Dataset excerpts
▬▬▬▬▬▬▬▬▬▬

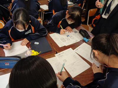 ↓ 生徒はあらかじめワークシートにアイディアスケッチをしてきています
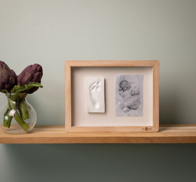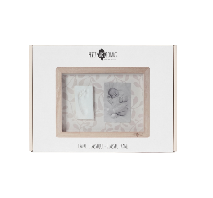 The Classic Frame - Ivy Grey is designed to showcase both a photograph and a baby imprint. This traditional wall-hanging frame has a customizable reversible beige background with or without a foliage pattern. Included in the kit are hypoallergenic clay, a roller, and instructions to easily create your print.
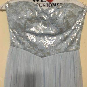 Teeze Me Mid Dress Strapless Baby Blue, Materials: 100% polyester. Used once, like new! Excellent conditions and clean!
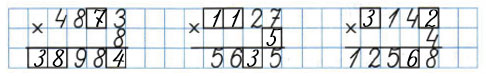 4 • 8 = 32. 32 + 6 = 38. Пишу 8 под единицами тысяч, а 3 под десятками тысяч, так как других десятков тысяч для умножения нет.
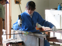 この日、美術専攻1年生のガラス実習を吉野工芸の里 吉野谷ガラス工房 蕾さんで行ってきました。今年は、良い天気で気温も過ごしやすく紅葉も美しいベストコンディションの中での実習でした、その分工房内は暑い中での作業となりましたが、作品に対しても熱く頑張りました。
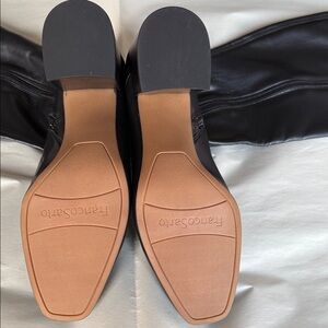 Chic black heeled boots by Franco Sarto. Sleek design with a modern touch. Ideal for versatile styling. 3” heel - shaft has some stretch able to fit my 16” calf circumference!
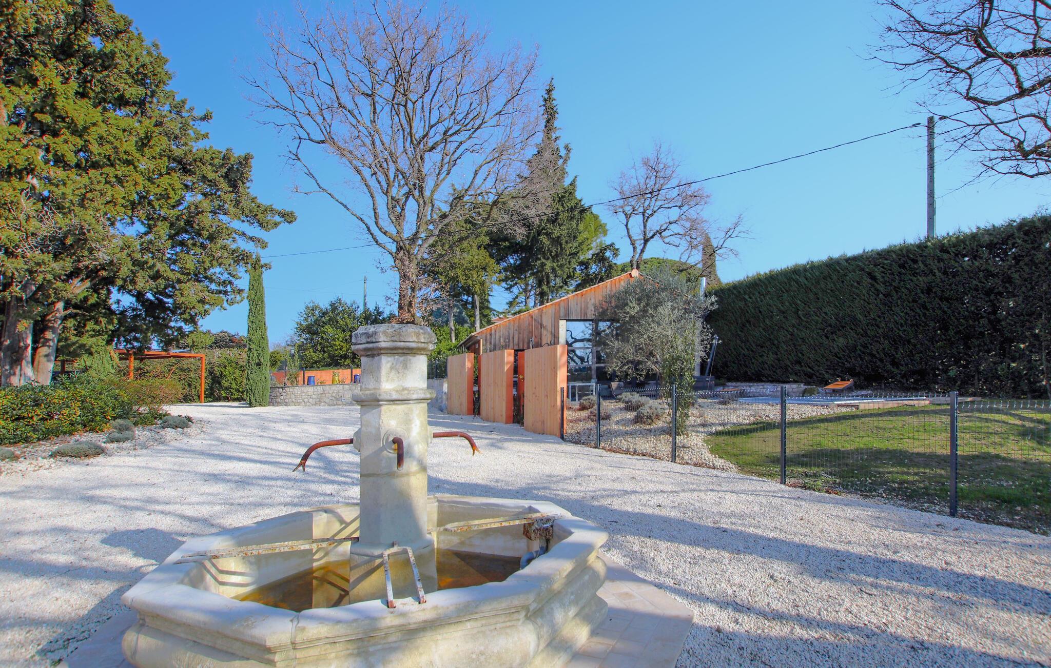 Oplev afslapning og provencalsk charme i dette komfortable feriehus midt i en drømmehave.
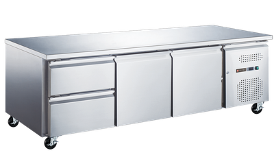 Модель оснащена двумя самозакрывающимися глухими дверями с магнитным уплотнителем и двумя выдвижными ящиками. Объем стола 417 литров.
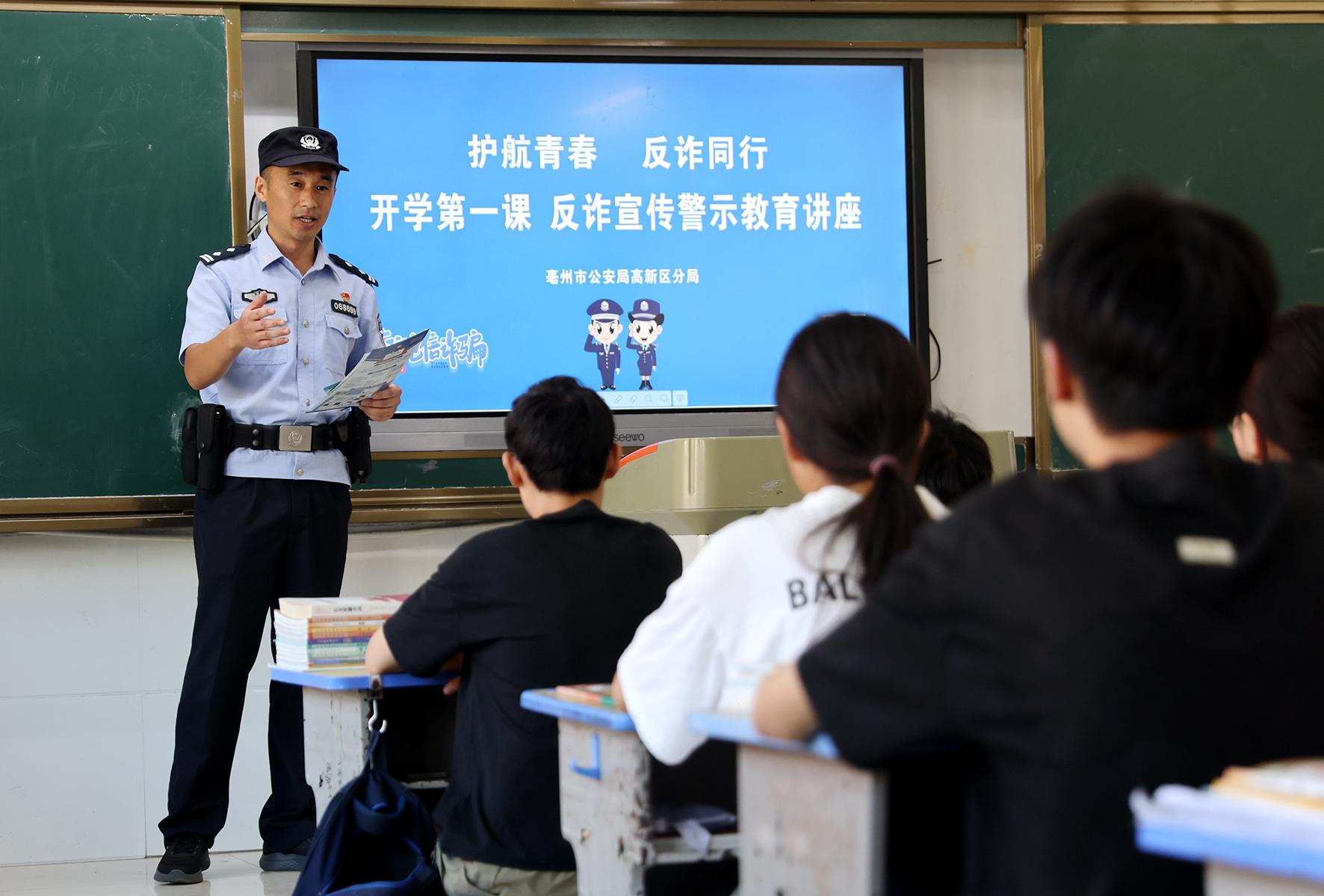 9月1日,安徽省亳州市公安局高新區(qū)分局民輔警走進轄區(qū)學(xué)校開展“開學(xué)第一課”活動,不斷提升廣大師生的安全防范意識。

▬▬▬▬▬▬▬▬▬▬

Exercise details:
The line holding "4 • 8 = 32. 32" starts the copy and the line holding "Chic black heeled" ends it. Repeat those two lines above and all between them exactly, leaving out pictures.

Expected output:
 4 • 8 = 32. 32 + 6 = 38. Пишу 8 под единицами тысяч, а 3 под десятками тысяч, так как других десятков тысяч для умножения нет.
 この日、美術専攻1年生のガラス実習を吉野工芸の里 吉野谷ガラス工房 蕾さんで行ってきました。今年は、良い天気で気温も過ごしやすく紅葉も美しいベストコンディションの中での実習でした、その分工房内は暑い中での作業となりましたが、作品に対しても熱く頑張りました。
 Chic black heeled boots by Franco Sarto. Sleek design with a modern touch. Ideal for versatile styling. 3” heel - shaft has some stretch able to fit my 16” calf circumference!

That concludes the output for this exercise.